Limitations. The bot is not fine-tuned, and doing so could potentially make it far more accurate. It simply retrieves articles and writes a report as guided through an engineered prompt. (Its prompt can be found by clicking on the gear icon in forecast.safe.ai.) Moreover, probabilities from AIs are also known to lead to automation bias, and improvements in the interface could ameliorate this. The bot is also not designed to be used in personal contexts, and it has not been tested on its ability to predict financial markets. Forecasting can also lead to the neglect of tail risks and lead to self-fulfilling prophecies. That said, we believe this could be an important first step towards establishing a cleaner, more accurate information landscape. The bot is decidedly subhuman in delimited ways, even if it is usually beyond the median human in breadth, speed, and accuracy. If it’s given an invalid query it will still forecast---a reject option is not yet implemented. If something is not in the pretraining distribution and if no articles are written about it, it doesn’t know about it. That is, if it’s a forecast about something that’s only on the X platform, it won’t know about it, even if a human could. For forecasts for very soon-to-resolve or recent events, it does poorly. That’s because it finished pretraining a while ago so by default thinks Joe Biden is in the race and need to see articles to appreciate the change in facts. Its probabilities are not always completely consistent either (like prediction markets). In claiming the bot is superhuman (around crowd level in accuracy), we’re not claiming it’s superhuman in every possible respect, much like how academics can claim image classifiers are superhuman at ImageNet, despite being vulnerable to adversarial ImageNet images. We do not think AI forecasting is overall subhuman.
Vision
Epistemic technologies such as Wikipedia and Community Notes have had significant positive impacts on our ability to understand the world, hold informed discussions, and maintain consensus reality. Superhuman forecasting AIs could have similar effects, enabling improved decision-making and public discourse in an increasingly complex world. By acting as a neutral intelligent third party, forecasting AIs could act as a tempering force on those pushing extreme, polarized positions.

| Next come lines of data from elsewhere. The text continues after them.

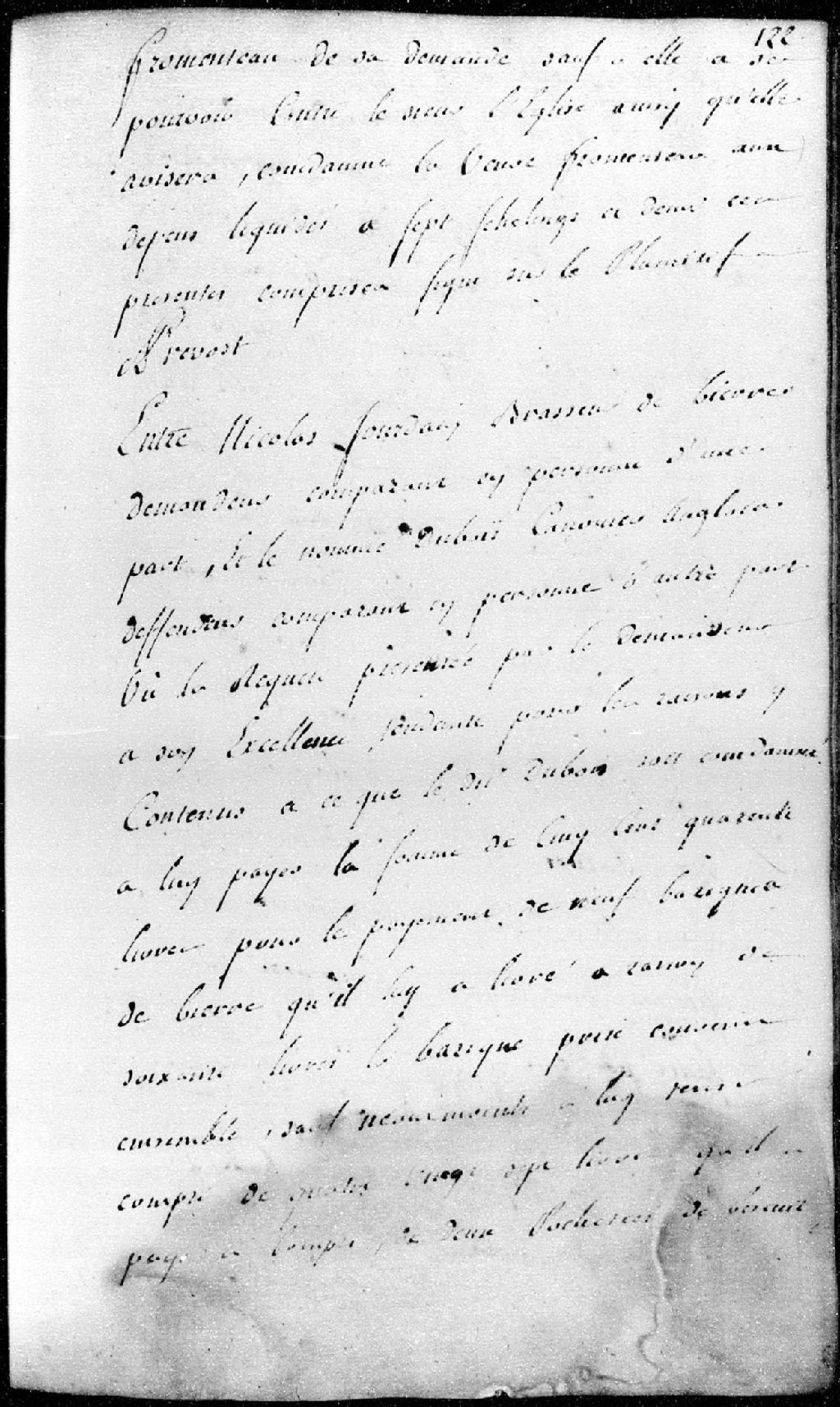 Entre Nicolas Jourdain, brasseur de bière, demandeur, et le nommé Dubois, canonnier anglais, défendeur. Requête présentée afin que le défendeur soit condamné à lui payer la somme de 540 livres pour le paiement de neuf barriques de bière qu'il lui a vendues et livrées à raison de 60 livres la barrique. Le Conseil ordonne, avant de faire droit, que les parties feront preuve par enquête sommaire, 11 février 1761, Archives nationales à Québec, Fonds Conseil militaire de Québec, (03Q,TL9,P1139).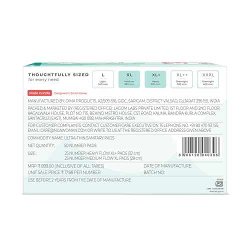 • 2 SIZES IN 1 PACK: 25 Heavy flow (XL+ - 320mm) and 25 Medium flow (XL - 280mm). Comes with 50 individual biodegradable Secure Shield Covers that are easy to carry. These are not just discreet but also help in secure worry-free disposal.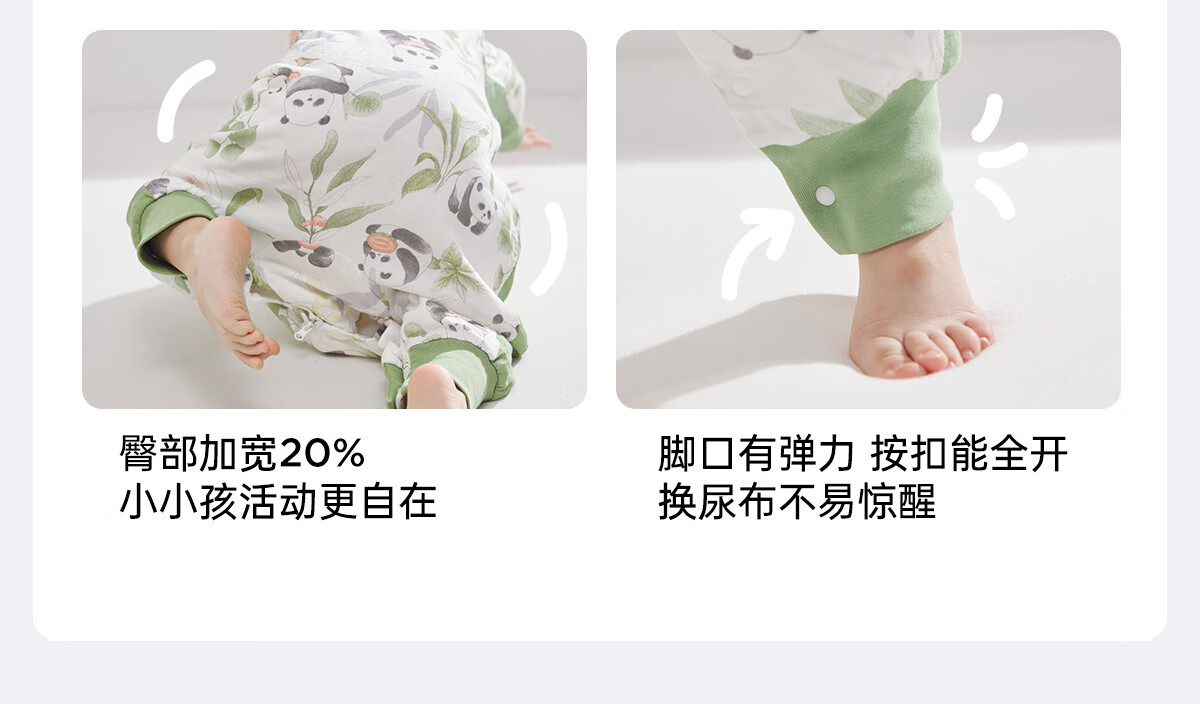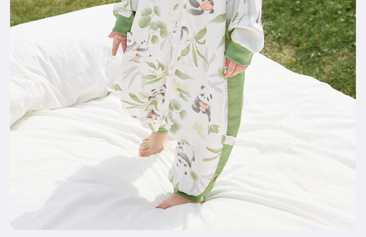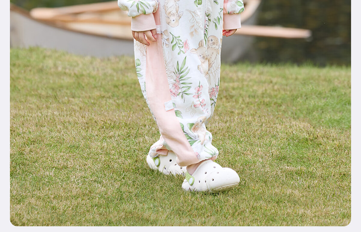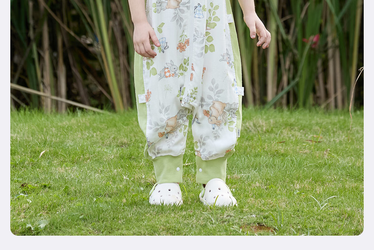 威尔贝鲁(WELLBER)婴儿睡袋1-3岁前6后4宝宝竹棉纱布分腿睡衣儿童春秋 樱野兔兔M

Chatbots. Through integration into chatbots and personal AI assistants, strong automated forecasting could help with informing consequential decisions and anticipating severe risks. For example, a forecasting AI could provide trustworthy, impartial probability assessments to policymakers. The AI could also help quantify risks that are foreseeable to experts but not yet to the general public, such the possibility that China might steal OpenAI’s model weights.
Posts. Forecasting AIs could be integrated on social media and complement posts to help users weigh the information they are receiving.
News stories. Forecasting could also complement news stories and topics. For example, for news associated with California AI Safety bill SB 1047, a forecasting bot could let users know the probability that it gets signed into law.
Conclusion
Carl Sagan noted, “If we continue to accumulate only power and not wisdom, we will surely destroy ourselves.” AIs will continue to become more powerful, but their forecasting capabilities will hopefully help make us more prudent and increase our foresight.